Power Player: John Brantley

Plastic is everywhere―from food and drink containers to kids’ toys to car parts. 

“We produce billions of tons of plastic waste every year, and many of these materials end up in landfills and they eventually infiltrate the environment,” said Brantley, an assistant professor of chemistry.

His StART project focuses on developing new techniques for breaking down plastic waste into useful building blocks that can then be used to make things like fuels, lubricants, or even new plastic materials.

“‘Upcycling’ is becoming a very active area of research,” Brantley said. “We are trying to develop technologies that provide a new pathway for taking an unwanted plastic and converting it into something more valuable.”

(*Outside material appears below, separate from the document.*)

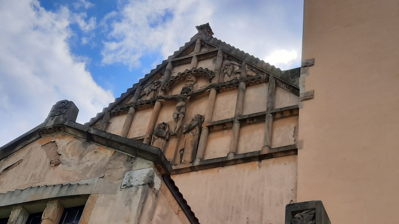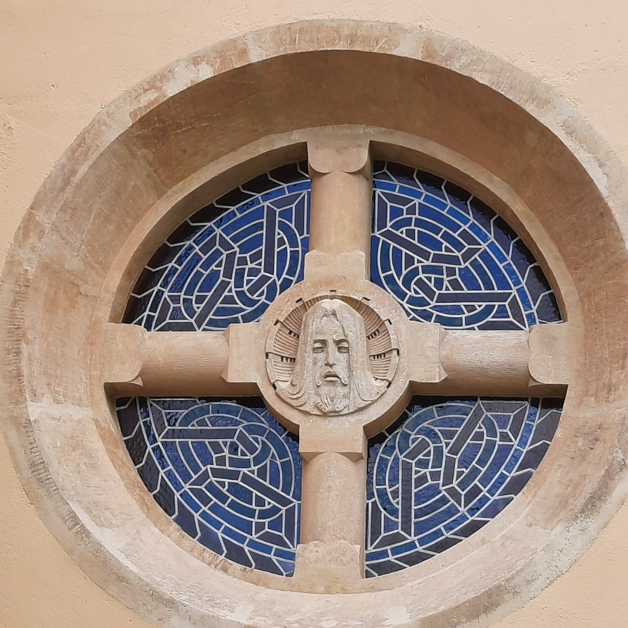 Fasáda zdobená četnými kamenickým detaily láká k bližšímu prozkoumání. Portál nám zdobí pískovcový reliéf s Janem Nepomuckým od Čeňka Vosmíka, nad ním ve štítu hlavní lodi vidíme Pietu s dvěma klečícími anděly od Vojtěcha Suchardy, který je autorem i dalších prvků. Naprosto úžasná je práce v detailech, kdy např. v rozetovém okně vidíme středověký kvadrilob pojatý však již secesně. Zábradlí 4 věžních oken nám zdobí symboly 4 evangelistů (anděl, býk, orel a lev) a nechybí ani nárožní chrliči. Původní 4 zvony byly roztaveny již během 1. světové války.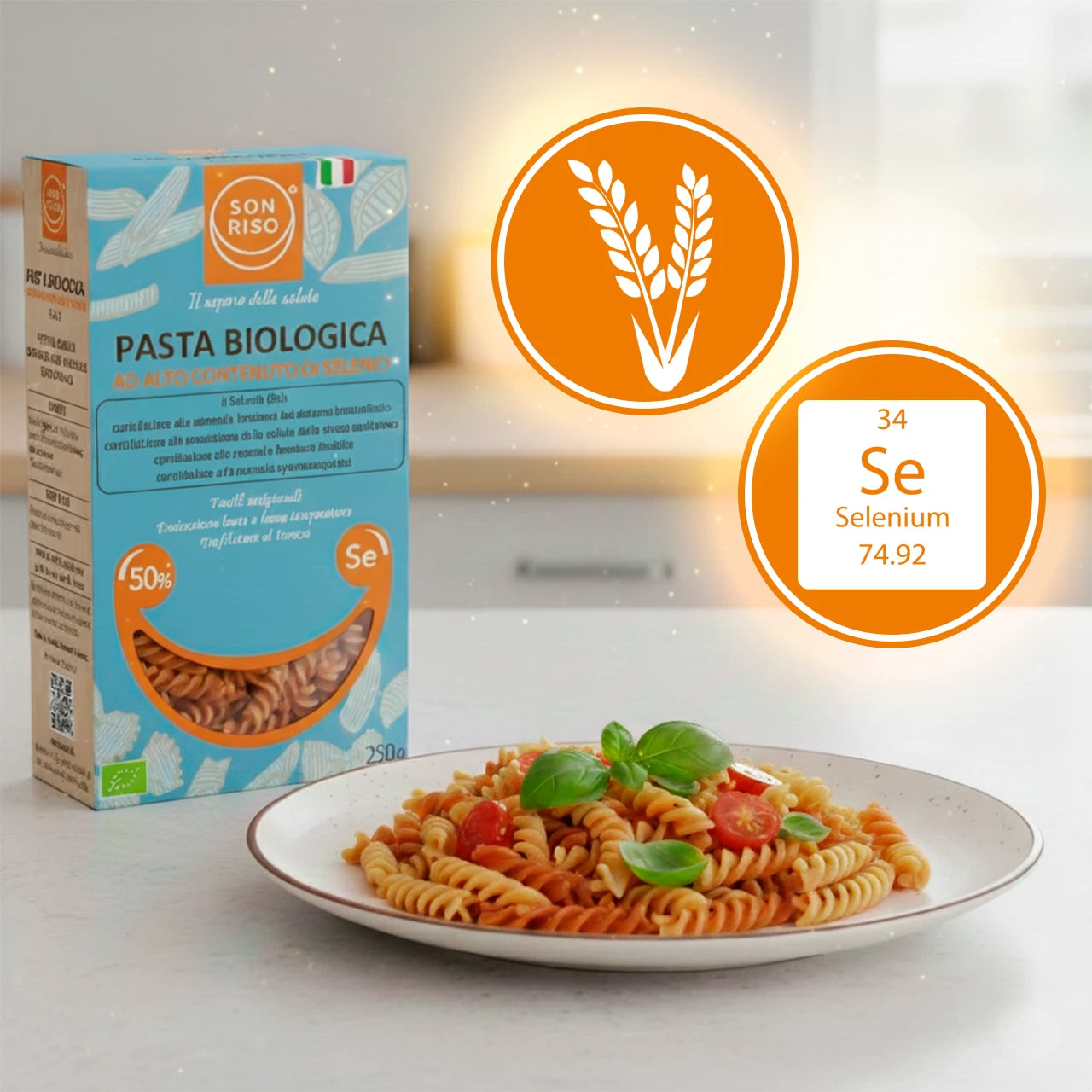 La pasta SONRISO rappresenta un alimento funzionale ottenuto da grano duro biologico italiano. Il selenio presente è naturalmente biodisponibile e facilmente assimilabile dall’organismo

Brantley says his initial focus―trying to use chemical reactions to change the structures of polymers―shifted based on his team’s research over the past year. 

“We actually discovered that we could use light and an organic catalyst to transform plastics, or polymers, into smaller units that can be reconfigured into new materials,” he said. 

Brantley said the chemistry works with both natural sunlight and artificial light.

“And it doesn’t require any special precautions to exclude air or water, which makes it a potentially valuable technology for dealing with plastic waste, especially in remote areas.

“In a related development, we found that we could also use electricity (electrochemistry)  to achieve very similar outcomes,” he said. This facet of their research has been accepted for publication in the Journal of the American Chemical Society.

They are also exploring funding possibilities from the Department of Energy.

Most polymers are petroleum-based. Additional oil is required for manufacturing processes and the shipping of finished products.

“If we can figure out a way to extend the life of polymers, we will be getting more bang for our buck from the energy perspective,” he said.

Brantley’s collaborators include Brian Long, associate professor of chemistry, and Tomonori Saito, a research scientist in ORNL’s Chemical Sciences Division, who is interested in energy-related applications of polymers.